The Communion of Saints

The ACNA is a fairly small world, which means that many of you were shocked to hear the news that 50-year-old Fr. Thomas McKenzie and his 22-year-old daughter were killed in a car accident this past Monday. Fr. Thomas was the founding rector of Church of the Redeemer, an ACNA church in Nashville, and author of the well-beloved introduction to Anglicanism, The Anglican Way. As an aspirant to the priesthood in the ACNA, I am forever shaped by Fr. Thomas’s life and ministry, as are countless other priests, deacons, and laypeople in the ACNA and beyond.

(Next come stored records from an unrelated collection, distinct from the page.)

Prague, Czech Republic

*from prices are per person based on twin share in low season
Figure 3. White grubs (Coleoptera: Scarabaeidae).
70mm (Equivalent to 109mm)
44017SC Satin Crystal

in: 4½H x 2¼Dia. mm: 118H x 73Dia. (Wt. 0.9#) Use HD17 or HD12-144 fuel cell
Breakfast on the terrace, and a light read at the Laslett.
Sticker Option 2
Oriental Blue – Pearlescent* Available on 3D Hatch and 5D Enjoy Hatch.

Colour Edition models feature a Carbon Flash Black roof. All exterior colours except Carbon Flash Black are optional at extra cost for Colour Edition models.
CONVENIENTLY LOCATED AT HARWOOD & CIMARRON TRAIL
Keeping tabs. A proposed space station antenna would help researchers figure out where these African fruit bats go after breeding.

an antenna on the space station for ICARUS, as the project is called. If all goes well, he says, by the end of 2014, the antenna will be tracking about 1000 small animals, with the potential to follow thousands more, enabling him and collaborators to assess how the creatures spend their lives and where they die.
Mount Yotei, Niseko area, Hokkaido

One such priest is Tish Harrison Warren, whose training for Holy Orders took place under Fr. Thomas. In her book, Liturgy of the Ordinary, Tish wrote, “Thomas…often asked us to imagine the communion table stretching on for miles, to remind us that when we take Communion, we mysteriously feast with all those who are in Christ. In the Eucharist, we commune with Dorothy Day and Saint Augustine, the apostle Paul and Billy Graham, Flannery O’Connor and my own grandmother. One day we will all feast together, in the flesh, with Christ himself” (Warren, Liturgy of the Ordinary, 119).

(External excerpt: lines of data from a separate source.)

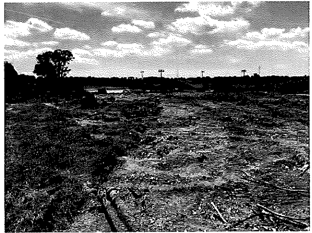
2018.07.18 – Looking towards new Twenhofel.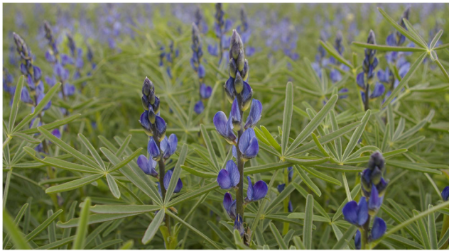
Fig. 1 Narrow-leaved lupin ( Lupinus angustifolius L.) grown in a long-term field experiment in northeastern Germany.

all found lower yield stability in a range of grain legumes than in cereals.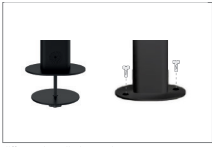
different installation options

The surface of the HA Flex-Lock Tabletstand is finished with an impact- and scratch-resistant powder coating in black, which makes the surface very carefree.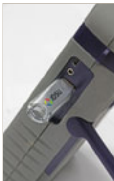
USB flash drive supports transferring test results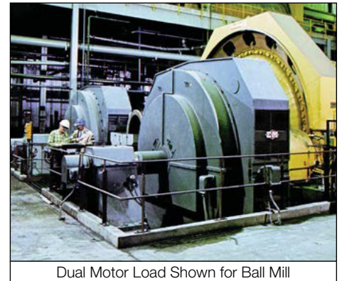
Dual Motor Load Shown for Ball Mill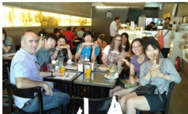
Figure 3. E4SD: Having a snack at the Leitaria da Quinta do Paço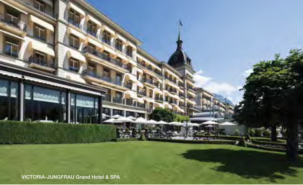
VICTORIA-JUNGFRAU Grand Hotel & SPA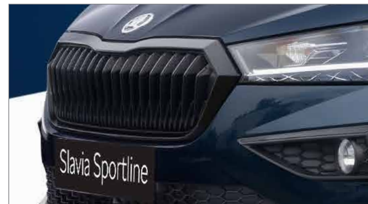
» Black Škoda Signature Grill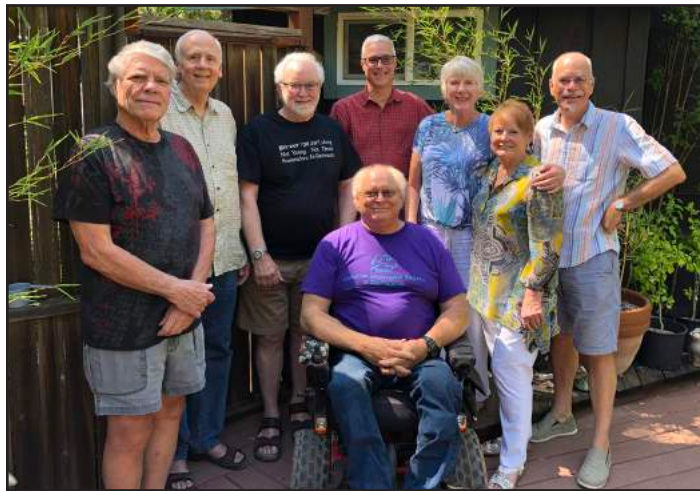
Our new UUCM Board at their August retreat.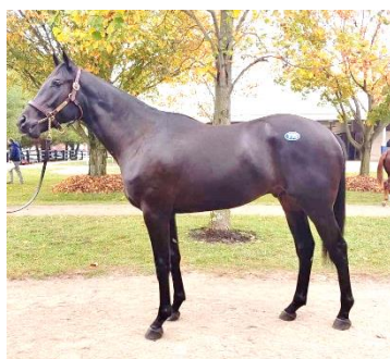
Laban M Mo as a yearling in 2020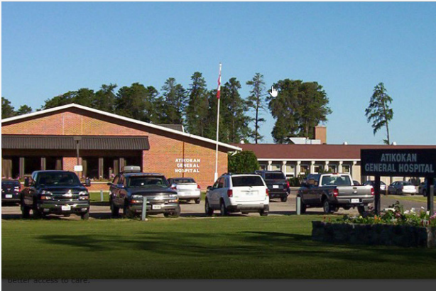
• Atikokan General Hospital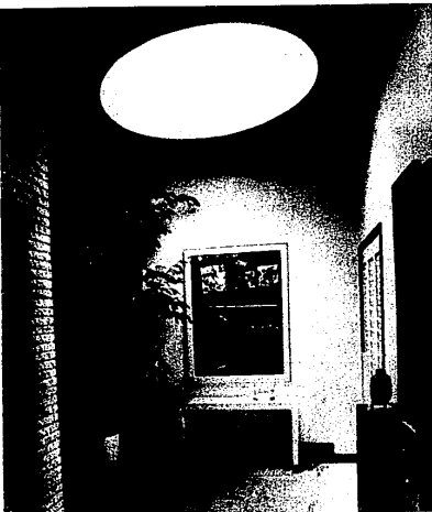
Entry hall with its shades of gray and white, plus Brooker painting, sets the mood for the rest of the house.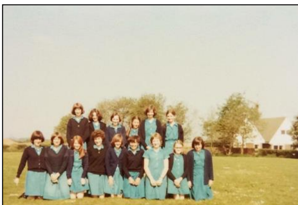
Back in the day.... Pictures from 1980s at NGHS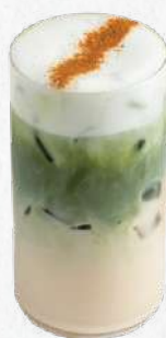
MATCHA CHAI ..... 80. For the revitalizing flavor combo of cloves, cinnamon, cardamom & fresh milk

This is not a fantastical image—it is Christian doctrine. If you pray the Daily Office, you declare belief in this doctrine each day when you recite the Apostles’ Creed: “I believe in the Holy Spirit, the holy catholic Church, the communion of saints, the forgiveness of sins, the resurrection of the body, and the life everlasting” (emphasis mine). From the earliest days of the Church’s history, Christians have professed faith in what Fr. Thomas described as a miles-long communion table. A fourth-century liturgy reads, “We present the offering to you for all the saints who have been pleasing to you from the beginning, patriarchs, prophets, the just men, apostles, martyrs, confessors, bishops, priests, deacons, subdeacons, readers, singers, virgins, widows, laypeople, and for all those whose name you know” (Apostolic Constitutions, 8.12.43-44).

Indeed, when we dine on Sunday morning, we dine at a table that stretches on for miles. We dine alongside one another, yes, but we also dine alongside the faithful departed who have fallen asleep. This is a profound mystery, of which Gregory the Great writes, “Can any of the faithful doubt that at the hour of the Eucharist…the choir of angels are present, the heights joined to the depths, earth linked with heaven, the visible united with the invisible” (Dialogue 4.60).  At the Eucharistic table, we brush elbows with the living and the dead, taking spiritual food and drink with all of Christ’s beloved.

And on the last day, when the doors of Christ Church’s Columbarium swing open and death is swallowed up forever, we will dine then, too—in the company of all the saints. Saint Augustine. Gregory the Great. Fr. Thomas. But most importantly, we will dine with Jesus, whose power alone can bring about “the resurrection of the dead, and the life of the world to come.”